In addition, a “blocked sender” list may be maintained based on user actions. For example, if the user affirmatively moves a fax into the junk folder or the confirmed junk folder, the sender's fax number may be added to the blocked sender list in step S19 (user confirmation is preferably required before adding a sender to the blocked sender list). Subsequently, if other faxes are received from the same sender, the fax machine may determine these faxes to be unwanted (“Y” in step S10) without performing the analysis in steps S11 to S15.

The analysis of textual content in step S12 may employ any suitable algorithm to analyze the extracted text of the received fax. For example, known algorithms used in email spam filters may be employed for this step. This analysis step may also employ a content analysis approach. Content analysis generally refers to the technology for structuring and analyzing textual information, where the complicated textual information or many words of a text are summarized and classified into much fewer content categories. Natural language processing is generally used to conduct automatic content analysis. Content analysis and natural language processing may be applied to analyze the extracted text in a fax in step S12.

A preferred embodiment for carrying out step S12 is described below.
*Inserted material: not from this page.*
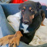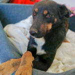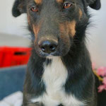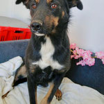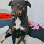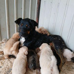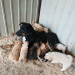 Terry, female, 51 cm, spayed, 2-3 years old she is a very gentle, calm and kind soul she accepts all dogs, people and she breastfed 17 puppies, came with her own babies to us but then took care of so many orphans. Child tested with my daughter. Terry is a great family dog, patient and humble but happy

This analysis step searches for and evaluates a number of textual content types from the extracted text of the fax document, and calculates a relevance measure based thereon. These textual content types, which are commonly found in advertisement materials, may include one or more of:

(1) F1: Description of goods or services provided. Natural language analysis may be applied to identify this type of content.

(2) F2: Contact information, such as phone number, address, email, website, Facebook address, etc.

(3) F3: Price information, such as “price”, “$”, “dollars”, etc.

(4) F4: Sale information, such as “ . . . % off”, “special offer”, “reduced”, etc.

(5) F5: Valid period of goods or services offered, such as “limited time offer”, “offer expires . . . ”, “sale ends . . . ”, etc.

(6) F6: Goods or services quality information, such as “guaranteed”, “risk-free”, “money-back”, etc.

Each of the above values F1 to F6 is assigned based on the frequency of occurrence of the content type, such as the number of times the above listed keywords appear in the text. A first relevance value R1 is defined based on the values F1 to F6 as follows:

R1=W1*F1+W2*F2 . . . +W6*F6, where Wi are weighting factors.

It can be seen that, unlike many email spam filter algorithms, the preferred embodiment for step S12 described here does not use pure keyword matching. Rather, this step employs a type of content based analysis to analyze the overall content of the extracted text. For example, the keywords described above (F3 to F6) are words that are often found in legitimate faxes, but the above algorithm identifies and evaluates them as a part of the overall content analysis. Alternatively, this content based analysis may be used in combination with known keyword based filtering algorithms such as those used in many email spam filters.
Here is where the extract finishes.